##### Data for review #####
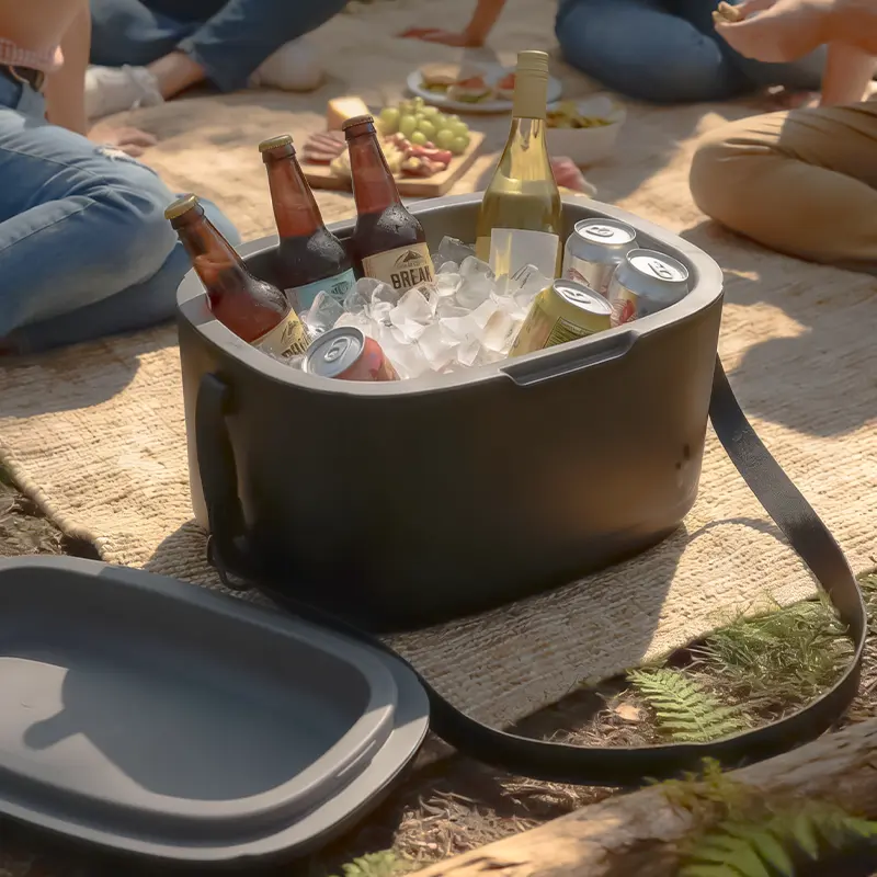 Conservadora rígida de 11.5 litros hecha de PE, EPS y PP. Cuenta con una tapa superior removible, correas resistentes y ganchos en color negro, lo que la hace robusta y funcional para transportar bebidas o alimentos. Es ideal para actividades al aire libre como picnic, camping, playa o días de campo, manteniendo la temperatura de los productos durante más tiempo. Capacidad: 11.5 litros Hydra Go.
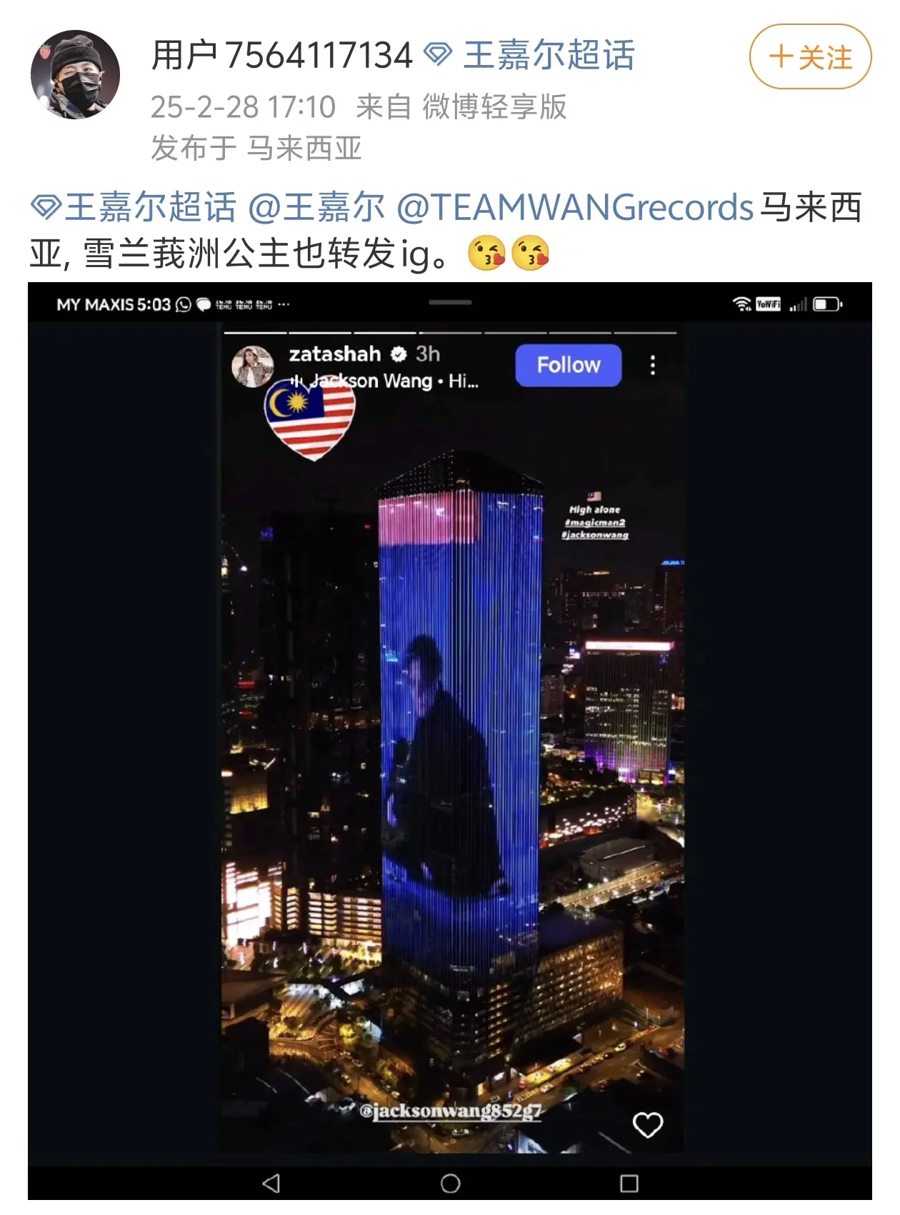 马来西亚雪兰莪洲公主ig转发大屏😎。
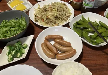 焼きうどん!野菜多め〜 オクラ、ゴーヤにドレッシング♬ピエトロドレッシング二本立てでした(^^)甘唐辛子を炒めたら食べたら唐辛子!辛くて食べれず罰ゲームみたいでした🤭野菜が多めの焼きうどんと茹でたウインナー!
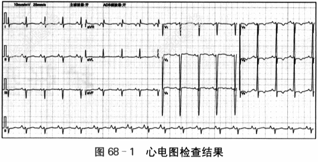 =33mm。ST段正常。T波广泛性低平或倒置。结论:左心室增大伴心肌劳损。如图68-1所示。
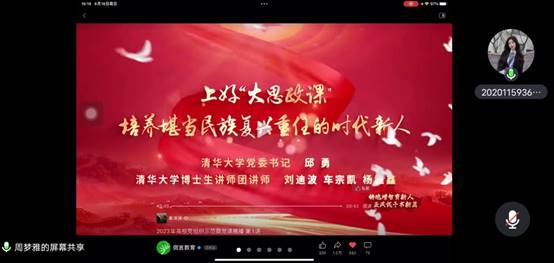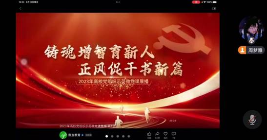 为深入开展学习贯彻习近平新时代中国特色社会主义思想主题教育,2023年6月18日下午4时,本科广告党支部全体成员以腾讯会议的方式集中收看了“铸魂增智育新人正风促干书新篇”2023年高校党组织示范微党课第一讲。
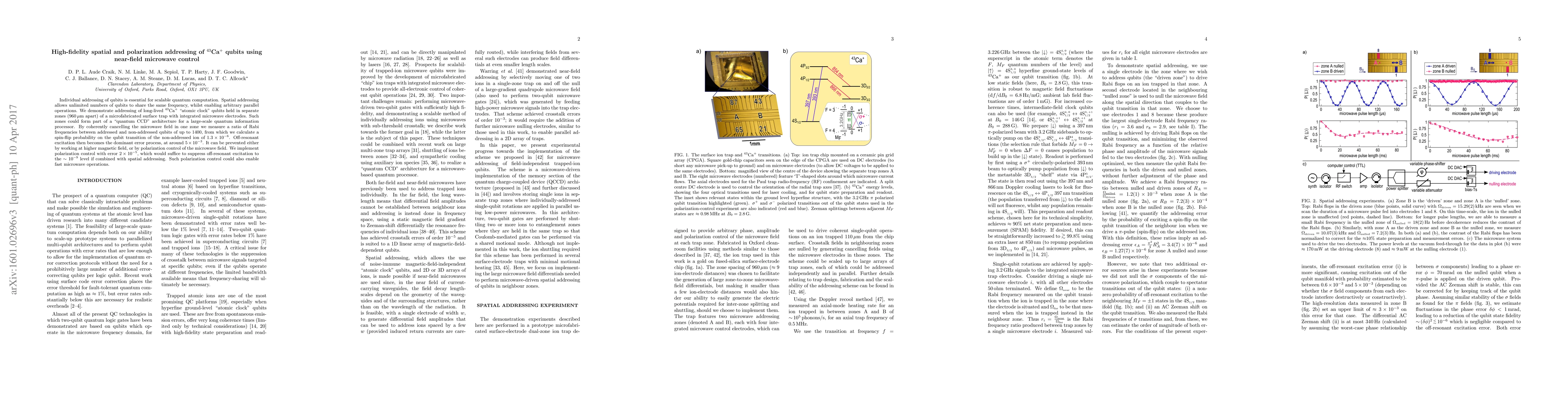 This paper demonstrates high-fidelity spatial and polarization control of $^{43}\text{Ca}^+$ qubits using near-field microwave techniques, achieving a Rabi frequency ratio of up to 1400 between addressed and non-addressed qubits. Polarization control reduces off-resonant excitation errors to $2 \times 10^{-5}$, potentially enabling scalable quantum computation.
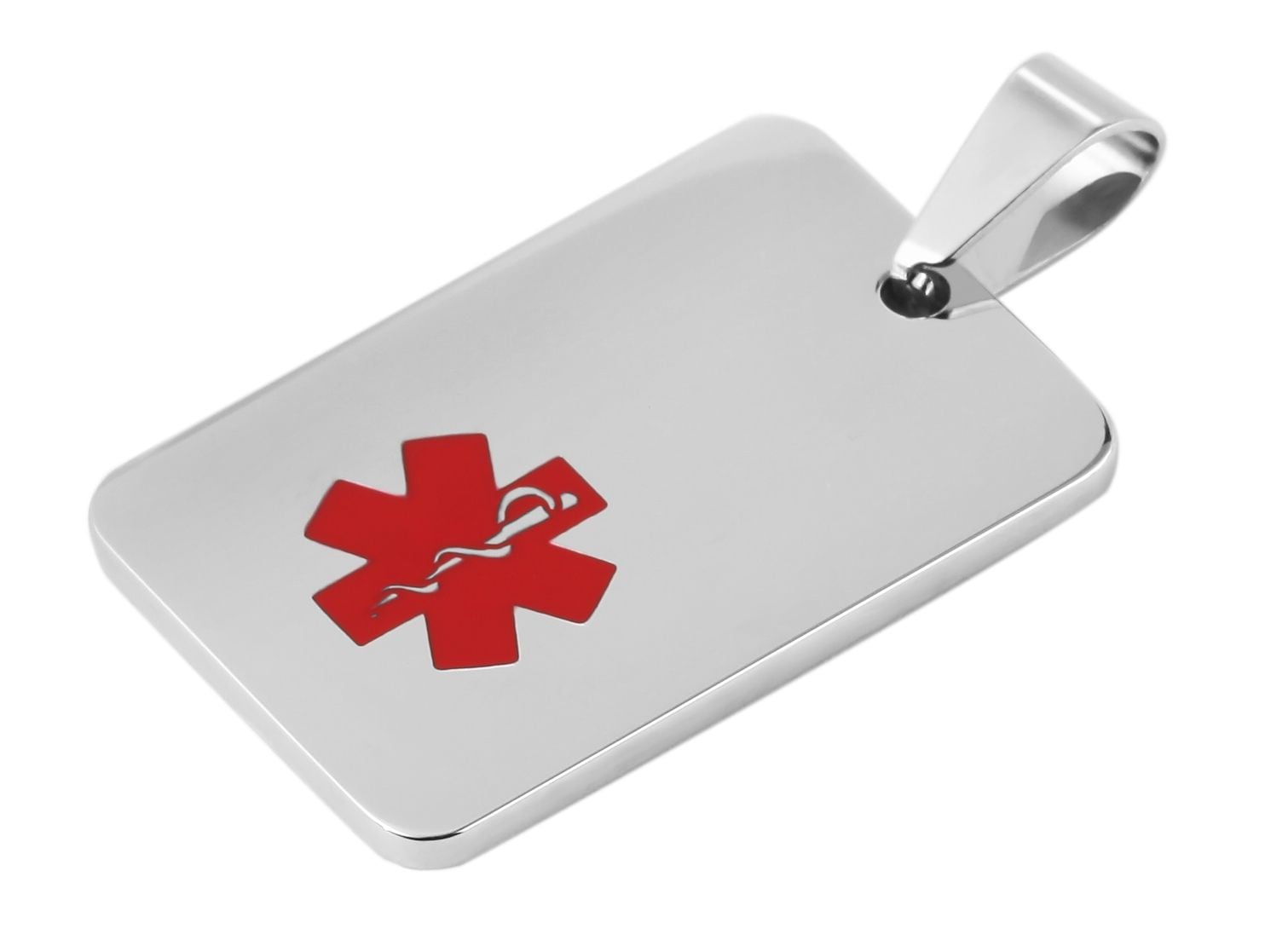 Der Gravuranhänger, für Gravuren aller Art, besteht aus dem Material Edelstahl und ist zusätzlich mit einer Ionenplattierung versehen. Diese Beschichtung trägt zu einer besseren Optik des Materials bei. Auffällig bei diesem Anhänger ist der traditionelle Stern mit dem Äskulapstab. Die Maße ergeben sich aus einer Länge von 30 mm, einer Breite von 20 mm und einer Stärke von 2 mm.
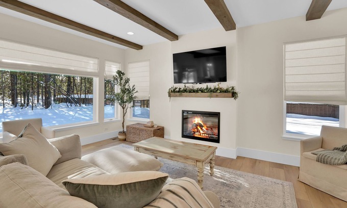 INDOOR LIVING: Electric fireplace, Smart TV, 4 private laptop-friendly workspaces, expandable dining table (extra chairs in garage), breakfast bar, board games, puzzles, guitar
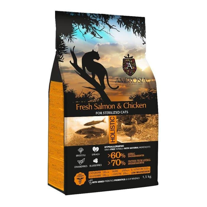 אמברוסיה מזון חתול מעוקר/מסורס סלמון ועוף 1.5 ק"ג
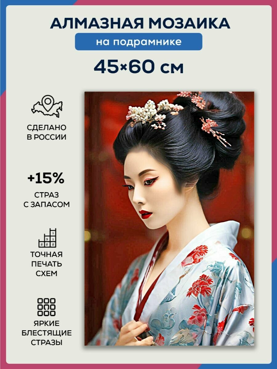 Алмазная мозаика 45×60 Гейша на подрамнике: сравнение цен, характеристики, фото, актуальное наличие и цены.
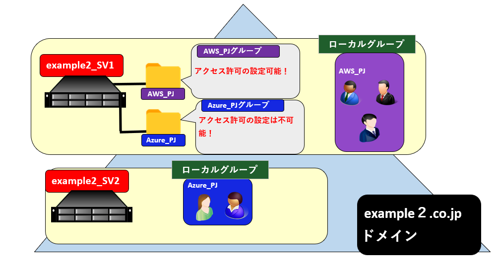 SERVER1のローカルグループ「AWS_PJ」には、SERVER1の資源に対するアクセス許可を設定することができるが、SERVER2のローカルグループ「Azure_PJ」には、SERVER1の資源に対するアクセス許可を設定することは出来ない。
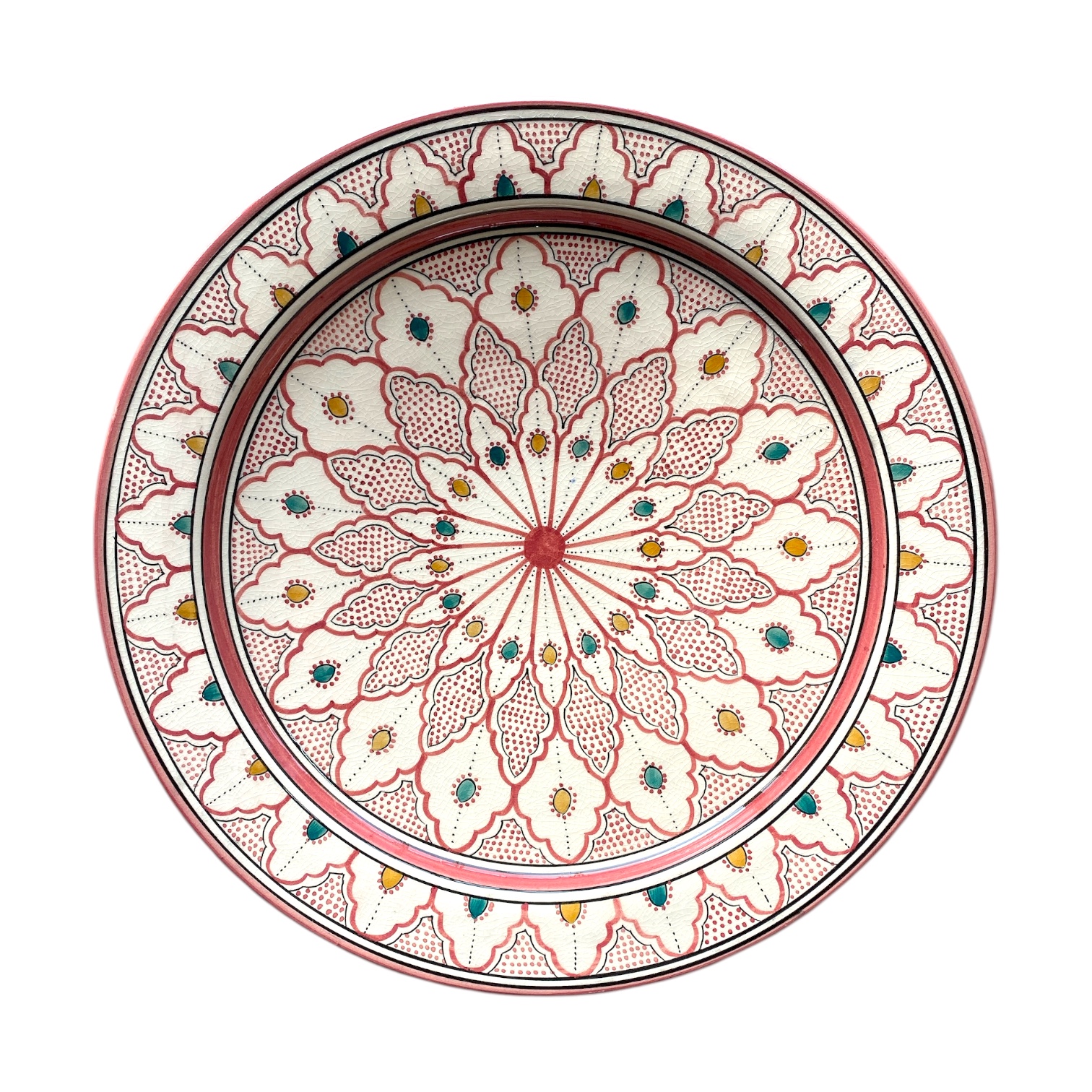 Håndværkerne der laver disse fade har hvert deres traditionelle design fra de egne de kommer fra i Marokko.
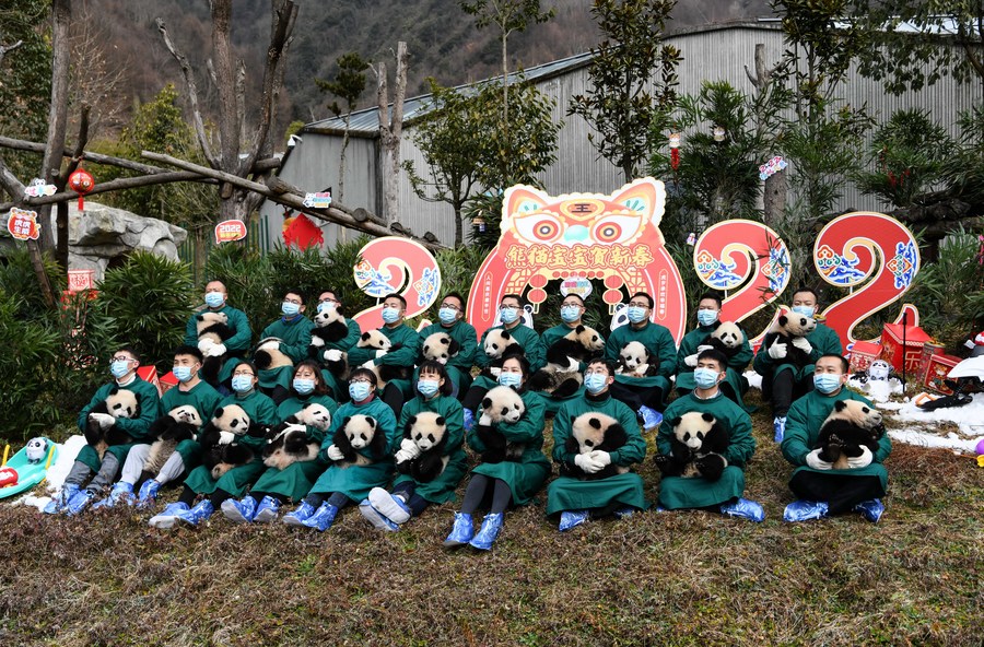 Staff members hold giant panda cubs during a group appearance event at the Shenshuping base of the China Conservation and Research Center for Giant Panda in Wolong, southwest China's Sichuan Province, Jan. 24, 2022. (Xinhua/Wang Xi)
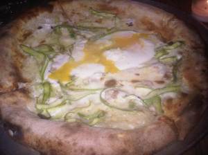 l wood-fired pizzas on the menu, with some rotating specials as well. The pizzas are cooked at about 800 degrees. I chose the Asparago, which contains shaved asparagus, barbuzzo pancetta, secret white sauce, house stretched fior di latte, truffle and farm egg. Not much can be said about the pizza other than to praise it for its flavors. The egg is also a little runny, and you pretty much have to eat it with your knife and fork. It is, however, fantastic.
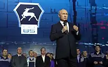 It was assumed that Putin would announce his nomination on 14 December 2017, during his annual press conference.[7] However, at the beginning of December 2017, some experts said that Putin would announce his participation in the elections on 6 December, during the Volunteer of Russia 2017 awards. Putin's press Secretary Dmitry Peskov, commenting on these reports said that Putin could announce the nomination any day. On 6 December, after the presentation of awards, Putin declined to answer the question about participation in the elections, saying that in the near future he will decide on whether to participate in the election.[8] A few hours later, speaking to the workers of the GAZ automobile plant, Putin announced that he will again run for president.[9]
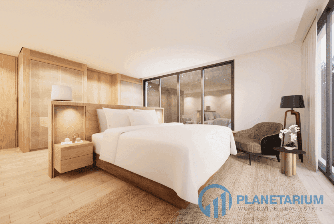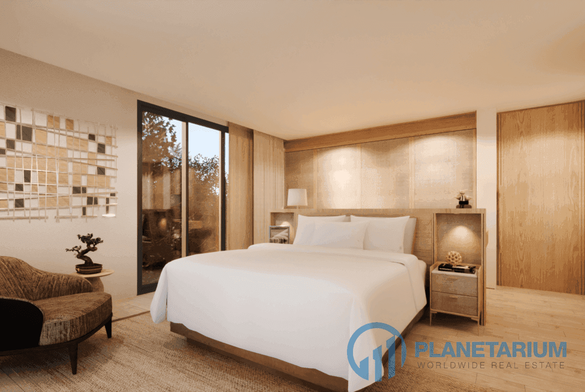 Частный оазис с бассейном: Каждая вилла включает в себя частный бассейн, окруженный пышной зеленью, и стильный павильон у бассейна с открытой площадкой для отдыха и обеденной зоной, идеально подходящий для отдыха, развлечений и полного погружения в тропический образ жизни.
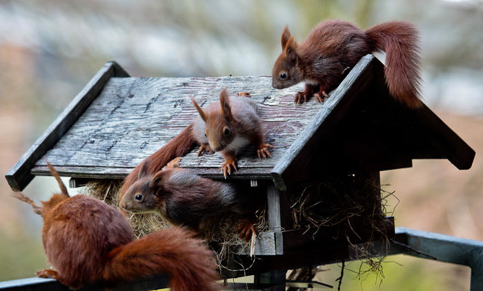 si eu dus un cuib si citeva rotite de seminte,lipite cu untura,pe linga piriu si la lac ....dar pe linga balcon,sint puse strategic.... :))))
#####
**Task item:**
Retype the entries word for word. Omit any images.

**Exercise response:**
 Conservadora rígida de 11.5 litros hecha de PE, EPS y PP. Cuenta con una tapa superior removible, correas resistentes y ganchos en color negro, lo que la hace robusta y funcional para transportar bebidas o alimentos. Es ideal para actividades al aire libre como picnic, camping, playa o días de campo, manteniendo la temperatura de los productos durante más tiempo. Capacidad: 11.5 litros Hydra Go.
 马来西亚雪兰莪洲公主ig转发大屏😎。
 焼きうどん!野菜多め〜 オクラ、ゴーヤにドレッシング♬ピエトロドレッシング二本立てでした(^^)甘唐辛子を炒めたら食べたら唐辛子!辛くて食べれず罰ゲームみたいでした🤭野菜が多めの焼きうどんと茹でたウインナー!
 =33mm。ST段正常。T波广泛性低平或倒置。结论:左心室增大伴心肌劳损。如图68-1所示。
 为深入开展学习贯彻习近平新时代中国特色社会主义思想主题教育,2023年6月18日下午4时,本科广告党支部全体成员以腾讯会议的方式集中收看了“铸魂增智育新人正风促干书新篇”2023年高校党组织示范微党课第一讲。
 This paper demonstrates high-fidelity spatial and polarization control of $^{43}\text{Ca}^+$ qubits using near-field microwave techniques, achieving a Rabi frequency ratio of up to 1400 between addressed and non-addressed qubits. Polarization control reduces off-resonant excitation errors to $2 \times 10^{-5}$, potentially enabling scalable quantum computation.
 Der Gravuranhänger, für Gravuren aller Art, besteht aus dem Material Edelstahl und ist zusätzlich mit einer Ionenplattierung versehen. Diese Beschichtung trägt zu einer besseren Optik des Materials bei. Auffällig bei diesem Anhänger ist der traditionelle Stern mit dem Äskulapstab. Die Maße ergeben sich aus einer Länge von 30 mm, einer Breite von 20 mm und einer Stärke von 2 mm.
 INDOOR LIVING: Electric fireplace, Smart TV, 4 private laptop-friendly workspaces, expandable dining table (extra chairs in garage), breakfast bar, board games, puzzles, guitar
 אמברוסיה מזון חתול מעוקר/מסורס סלמון ועוף 1.5 ק"ג
 Алмазная мозаика 45×60 Гейша на подрамнике: сравнение цен, характеристики, фото, актуальное наличие и цены.
 SERVER1のローカルグループ「AWS_PJ」には、SERVER1の資源に対するアクセス許可を設定することができるが、SERVER2のローカルグループ「Azure_PJ」には、SERVER1の資源に対するアクセス許可を設定することは出来ない。
 Håndværkerne der laver disse fade har hvert deres traditionelle design fra de egne de kommer fra i Marokko.
 Staff members hold giant panda cubs during a group appearance event at the Shenshuping base of the China Conservation and Research Center for Giant Panda in Wolong, southwest China's Sichuan Province, Jan. 24, 2022. (Xinhua/Wang Xi)
 l wood-fired pizzas on the menu, with some rotating specials as well. The pizzas are cooked at about 800 degrees. I chose the Asparago, which contains shaved asparagus, barbuzzo pancetta, secret white sauce, house stretched fior di latte, truffle and farm egg. Not much can be said about the pizza other than to praise it for its flavors. The egg is also a little runny, and you pretty much have to eat it with your knife and fork. It is, however, fantastic.
 It was assumed that Putin would announce his nomination on 14 December 2017, during his annual press conference.[7] However, at the beginning of December 2017, some experts said that Putin would announce his participation in the elections on 6 December, during the Volunteer of Russia 2017 awards. Putin's press Secretary Dmitry Peskov, commenting on these reports said that Putin could announce the nomination any day. On 6 December, after the presentation of awards, Putin declined to answer the question about participation in the elections, saying that in the near future he will decide on whether to participate in the election.[8] A few hours later, speaking to the workers of the GAZ automobile plant, Putin announced that he will again run for president.[9]
 Частный оазис с бассейном: Каждая вилла включает в себя частный бассейн, окруженный пышной зеленью, и стильный павильон у бассейна с открытой площадкой для отдыха и обеденной зоной, идеально подходящий для отдыха, развлечений и полного погружения в тропический образ жизни.
 si eu dus un cuib si citeva rotite de seminte,lipite cu untura,pe linga piriu si la lac ....dar pe linga balcon,sint puse strategic.... :))))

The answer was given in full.